Digital humanities


Maintained by: David J. Birnbaum (djbpitt@gmail.com) [Creative Commons BY-NC-SA 3.0 Unported License] Last modified: 2015-03-23T03:47:54+0000


XQuery assignment #1

Use the 42 Shakespeare plays that have been uploaded to Obdurodon to do the following:

  1. Find all of the titles of all of the Shakespeare texts in the corpus. You’ll need to read our posting on the main course page on Obdurodon for information about how to address the collection of plays, and also about how to retrieve the full text of one of the plays so that you can look at it and see where the title is, which you’ll need to know in order to construct the XPath to retrieve it. The simplest answer is a single XPath expression. The output should look something like (there are 42 of them):

    <title xmlns="http://www.tei-c.org/ns/1.0">Othello, the Moor of Venice</title>
    <title xmlns="http://www.tei-c.org/ns/1.0">The Second Part of King Henry the Fourth</title>
    <title xmlns="http://www.tei-c.org/ns/1.0">The Taming of the Shrew</title>

    Here are two important issues:

  2. Modify your XPath above to return just the text of the titles, without the tags. You can do that by using text() or data() or string() (which you might want to look up in Kay or at w3schools). Your answer should look something like:
    Othello, the Moor of Venice
    The Second Part of King Henry the Fourth
    The Taming of the Shrew
  3. Fourteen of the 42 plays have more than 40 unique speakers. Find those plays and return their titles. You will need to use count() and distinct-values() (and don’t forget the TEI namespace!). Find the collection, drill down to the <TEI> elements in the collection (you know there are 42 of them), then filter them based on whether or not they contain more than 40 distinct <speaker> element values. Once you’re getting the 14 plays that meet that description, you can add a path step to retrieve their titles.
  4. Modify your solution to the preceding question #3 to return just the text of the play titles, without the <title> tags. You can take the same approach as you did for the transition from question #1 to question #2.

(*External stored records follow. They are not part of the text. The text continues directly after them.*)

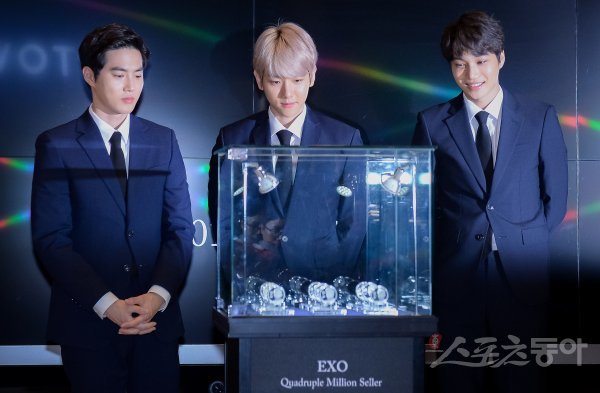 인기 K팝 그룹 엑소(EXO) 수호, 백현, 카이(왼쪽부터)가 18일 서울 강남구 삼성동 코엑스 SM아티움에서 열린 K팝 스타메달 1호 ‘엑소 공식 기념 메달’ 공개 기자회견에서 전시 된 기념화폐를 보고 미소를 짓고 있다.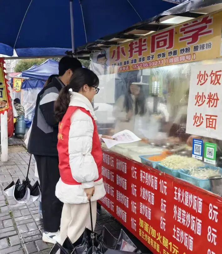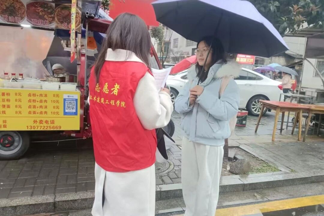 走出社区,志愿者化身接地气的“文明宣传员”,主动走向过往路人、路边同学和沿街摊贩,用真诚的笑容和亲切的话语开展宣讲。内容涵盖3·15消费维权、文明餐桌、光盘行动、网络安全、理性消费等多个方面,志愿者们讲得通俗易懂,不仅提升了大家的文明意识和安全防范能力,也让文明新风悄然走进街头巷尾。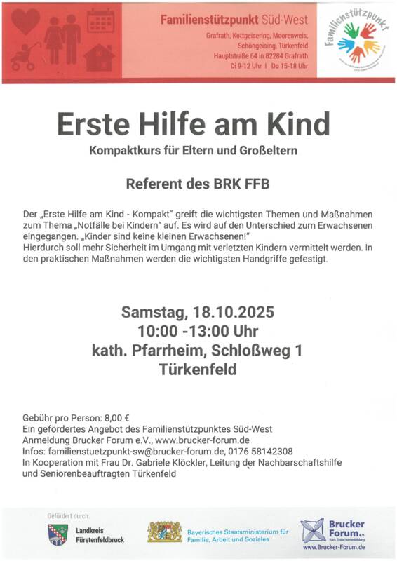 Bei Fragen wenden Sie sich bitte direkt an den Familienstützpunkt Süd-West: 0176 58142308, familienstuetzpunkt-sw@brucker-forum.de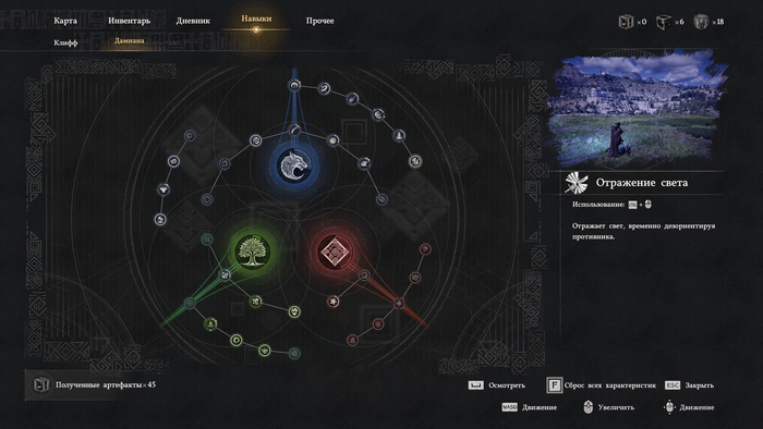 В целом дерево умений позволяет выучить почти всё и вся, главное заработать или найти достаточное количество ресурсов. Но почти, потому что некоторые способности вы можете выучить лишь в определённых условиях. Например, наблюдая за атаками противника и изучая их. Также часть умений открывается артефактами для слотов в оружии/доспехах. Например, мне очень нравится меч, который позволяет натравливать ворон на врагов после завершения действия/комбо.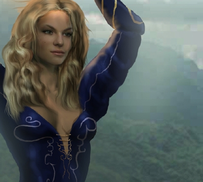 The portrait is simply excellent! :D Though, I guess that her pretty face, and the dark blue dress she is wearing, are more fitting to a sorceress or an evoker. :) _________________________ From out of time and place,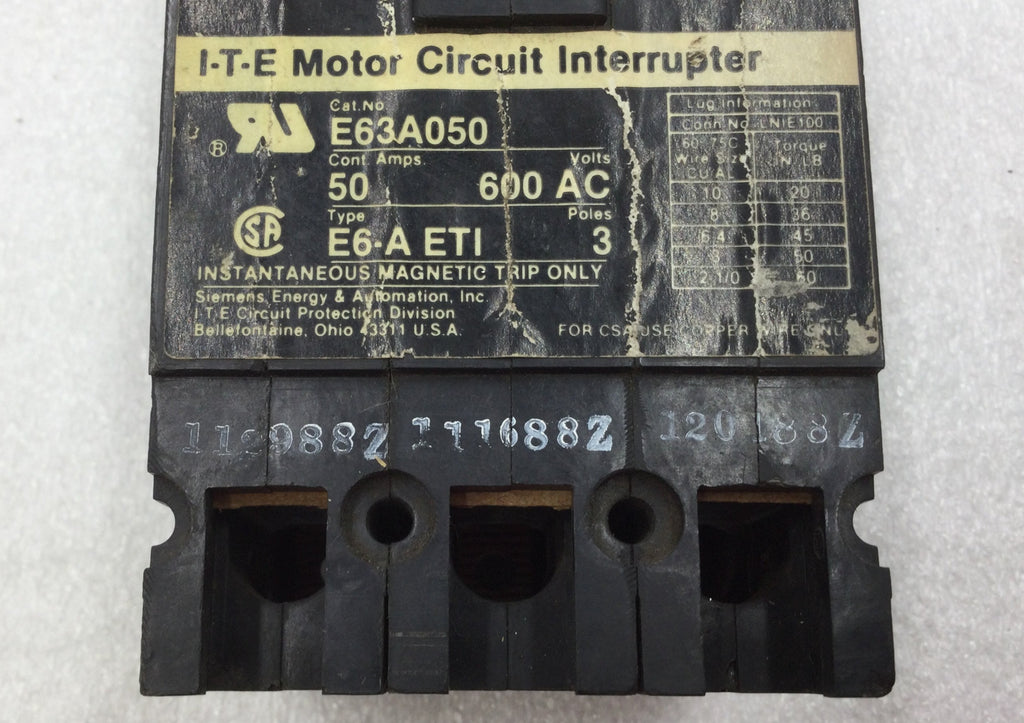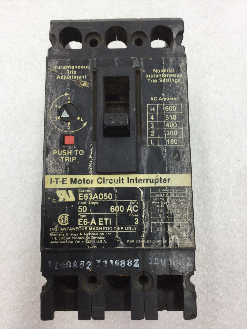 ITE E63A050 50 Amp 3 Pole 600 VAC Motor Circuit Interrupter with Shunt Trip and Without Lugs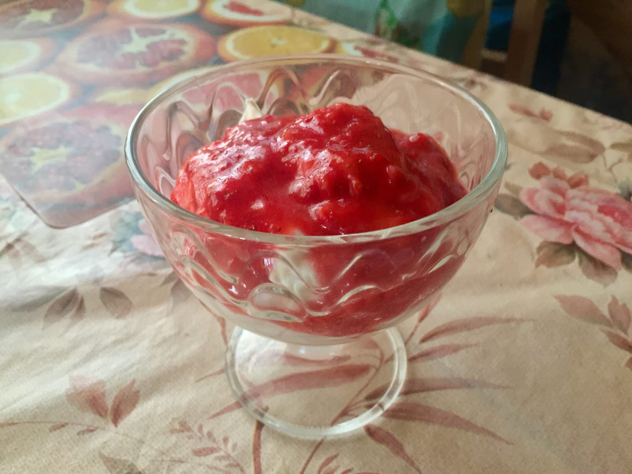 В креманку положить творожок и полить клубничным пюре.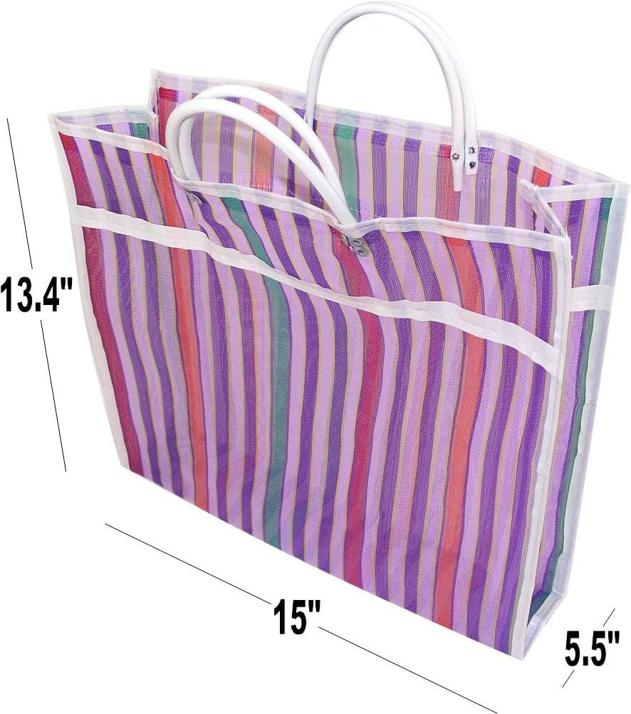 Plastic Imported No Fur PREMIUM QUALITY – Say goodbye to spilled groceries, multiple trips, and double bagging, because these authentic Mexican Mercado Bags are made from strong and flexible high threaded plastic mesh that can hold tons of stuff at a time with durability that prevents them from ripping or tearing. GREAT DESIGN - There is nothing easier than caring your groceries in this lightweight and breathable Mexican Morrales bag that will keep them fresh, and thanks to the double handles made of flexible tubing is sturdy enough to hold of merchandise with style and ease REUSABLE MEXICAN GROCERY BAGS - Unlike the single use plastic bags that don’t biodegrade our traditional and colorful market tote bags are reusable and eco-friendly that will help you to save the planet and your money at the same time MULTIFUNCTIONAL AND GUSSETED – Each bag size is 15-inch-wide by 13.4-inch height and is gusseted where an extra piece of material is added that allow you to package thicker or bulkier, larger items and maximize the space inside these reusable Mercado bags. Great for shopping, storage, laundry, the beach, picnics, travel, large gift and more EASY CARE – Our set of 3 Mexican grocery bags are made from a durable and water-resistant fabric so when they get too slobbery, just wash them with pressure washer and soapy water to make them clean again Are you looking for the right grocery bag that can hold tons of stuff in it? Do you need something that is flexible and durable at the same time? - STOP SEARCHING because now we have our unique MEXICAN MERCADO GROCERY BAGS that you simply gonna love it. Why Our Reusable Mexican Mesh Bags are so Special? Features and Benefits Strong and Durable Material – Nothing can replace the durability, style, and convenience of these gusseted market bags made from high-quality plastic mesh designed to last and don’t crack, so you'll be able to reuse them for years to come. Unique Design – Cute and amazing handbags with traditional colorful Mexican pattern with nice matching colors and double handles made of flexible tubing that makes them easy to carry heavy loads. Multiple Uses - Great for fresh produce, grocery, picnics, travel, and even beach items. Save Money - Using eco-friendly reusable bags over plastic bags will help you to show off your ecological conscience and save money in several areas – Including your own pocket. Perfect Size – Not too big- Not too Small, this grocery tote bag is just the right size for your grocery shopping. Easy to Wash - And the cleaning process is so simple and easy, all you have to is to washed them with pressure washers for a deeper cleaning. Package includes: 3 x Traditional Mercado Grocery Reusable Bags Specifications: Material: Higher Thread Plastic Mesh Product Dimensions: 15” x 13.4” Color: Assortment of color is random Style: Mexican Mercado Bag Made in Mexico Make the right choice and BUY NOW these Mexican mesh bags. We guarantee you 100 % satisfaction!

Copy and paste your XQuery expressions from eXide into a plain-text document (you can create one in <oXygen/> or in the plain-text editor of your choice) and upload that document as your homework submission. Do not use Word, which may turn your well-formed straight apostrophes and quotation marks into curly ones, which don’t have the same meaning and which will result in invalid XQuery code. We do not need the results returned by your query; all we need is the XQuery expression itself.